Re: could not truncate directory "pg_serial": apparent wraparound

От
"Kevin Grittner"
Дата:
Heikki Linnakangas <heikki.linnakangas@enterprisedb.com> wrote:
> I've committed your patch for now.
Thanks!
I don't see it yet on the public git repo, nor on the -commiters
list.  I'll keep an eye out for it.
> as far as I can see it's harmless except for the small waste of 
> disk space. We probably want to revisit this later, maybe still
> for 9.1 or maybe not, but for now I just put in a comment about
> it.
I'm inclined to think it's not worth the trouble to revisit it.  At
most it would be one segment.  In fact, in line with your desire to
flush the SLRU pages so they're useful for debugging, we could call
this a feature -- it provides a quick way to check the date and time
of the last need for SLRU summarization.  I can see that being a
useful piece of information for forensics.
-Kevin


Re: could not truncate directory "pg_serial": apparent wraparound

От
Heikki Linnakangas
Дата:
On 09.06.2011 21:15, Kevin Grittner wrote:
> Heikki Linnakangas<heikki.linnakangas@enterprisedb.com>  wrote:
>
>> I've committed your patch for now.
>
> Thanks!
>
> I don't see it yet on the public git repo, nor on the -commiters
> list.  I'll keep an eye out for it.

Oh, rats! Forgot to push.. Will do so now.

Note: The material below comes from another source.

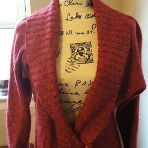 KASPER RED KNIT COZY OPEN FRONT CARDIGAN SIZE MEDIUM
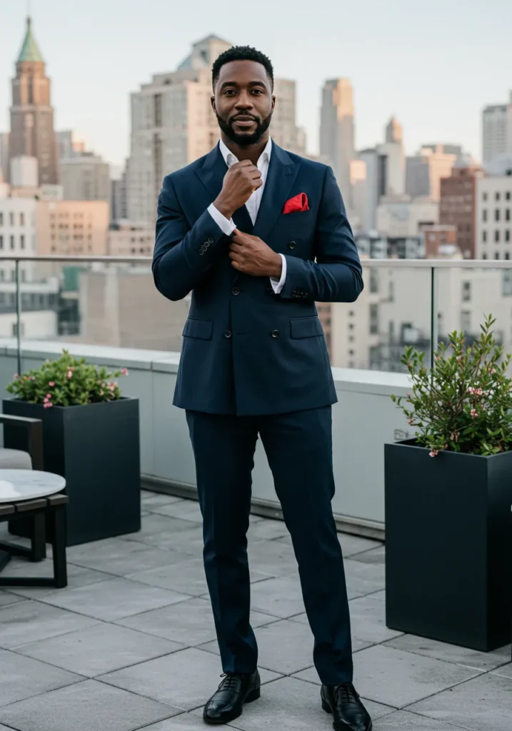 This look features a double-breasted navy suit styled with a white open-collar shirt and a vibrant red pocket square. The sleek black shoes tie everything together, while the modern rooftop setting gives it a fresh, city-slick vibe.

--   Heikki Linnakangas  EnterpriseDB   http://www.enterprisedb.com


Re: could not truncate directory "pg_serial": apparent wraparound

От
"Kevin Grittner"
Дата:
Heikki Linnakangas <heikki.linnakangas@enterprisedb.com> wrote:
> I also fixed the broken warning logic. Please double-check that
> too when you get a chance.
As usual, I like your code better than mine.  I don't think my code
was broken in the sense that it would generate different results
than yours, but it was too clever by half, and depended on knowledge
that a TransactionId is 32 bits.  Yours is more tolerant of changes
to implementation details, and much easier to read and understand.
While I'm *pretty sure* my code for this worked, I am *positive*
that yours does.  :-)
Thanks again.
-Kevin